The New York application of the tax was tested in a 2003 case by Edward Zelinsky, who lives in Connecticut but works as a law professor at Yeshiva University’s Cardozo School of Law in New York. Zelinsky argued he should pay New York income tax on only half of his earnings, because he spends half his teaching and research time in New York and half at home in Connecticut.
But the New York Court of Appeals, the state’s highest court, ruled Zelinsky owed New York income tax on his entire salary. The U.S. Supreme Court declined to hear the case. Connecticut eased things a bit by enacting a reciprocity law in 2019, meaning it doesn’t impose Connecticut income taxes on top of the New York taxes. But New York income taxes can be as high as 8.8% while the top rate in Connecticut is 7%.
Zelinsky expects that his situation will become more common post-pandemic. “Even if you believe that the more extreme [work-at-home] predictions are not true,” he said in a phone interview, “we all agree that there is likely to be more work at home and that this is going to be a serious problem. My litigation in 2003 looks kind of quaint when you see what’s going on today. I think it’s very possible that an awful lot of people are going to get caught in a very messy situation.”

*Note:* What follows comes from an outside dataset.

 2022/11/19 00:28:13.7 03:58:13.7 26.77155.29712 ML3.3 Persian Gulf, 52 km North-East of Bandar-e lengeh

New York state aggressively keeps track of and collects from high-earning employees who are working remotely, said Attorney Liz Pascal, a partner in the New York law firm of Hodgson Russ LLC, and a specialist in state and local tax who has handled remote taxation clients.
The only loopholes, she said, are if workers never set foot in New York for an entire calendar year or if they have a home office that is a “bona fide office of the employer or it’s near some very specialized facilities necessary for your job.” Most remote workers, she said, can’t take advantage of either.
She also expects more remote work in the future. “This is probably going to be particularly an issue for states that have big urban or commercial centers that have a fair number of individuals that live across the border out of state.”
A federal law could solve the problem. A bill from South Dakota Sen. John Thune, a Republican, called the “Mobile Workforce State Income Tax Simplification Act of 2019,” aims to apply income tax to workers in the state where they reside, no matter where their workplace is located. But the bill has gone nowhere. A version passed the House in 2017, but also stalled.
In February, the Arkansas revenue department roiled the legal tax world by issuing an opinion stating that if a person who had been working in Arkansas, but then moved to another state but continued to do the same work — say, a computer programmer — that worker would still be subject to Arkansas income tax.
“We determined that in this case, even though he was doing it from another state, he was still programming computers in Arkansas,” said John Theis, legal counsel for the revenue department who wrote the opinion. He said the opinion was written for one circumstance but might apply to others, depending on the particulars.
Theis said the constitutional question is whether the taxpayer is getting anything from the state in which his employer is located. He said while certain benefits, like 911 call response, would not apply to someone working remotely, others, such as worker’s compensation, would be provided by Arkansas.
Elaine S. Povich is a staff writer for Stateline.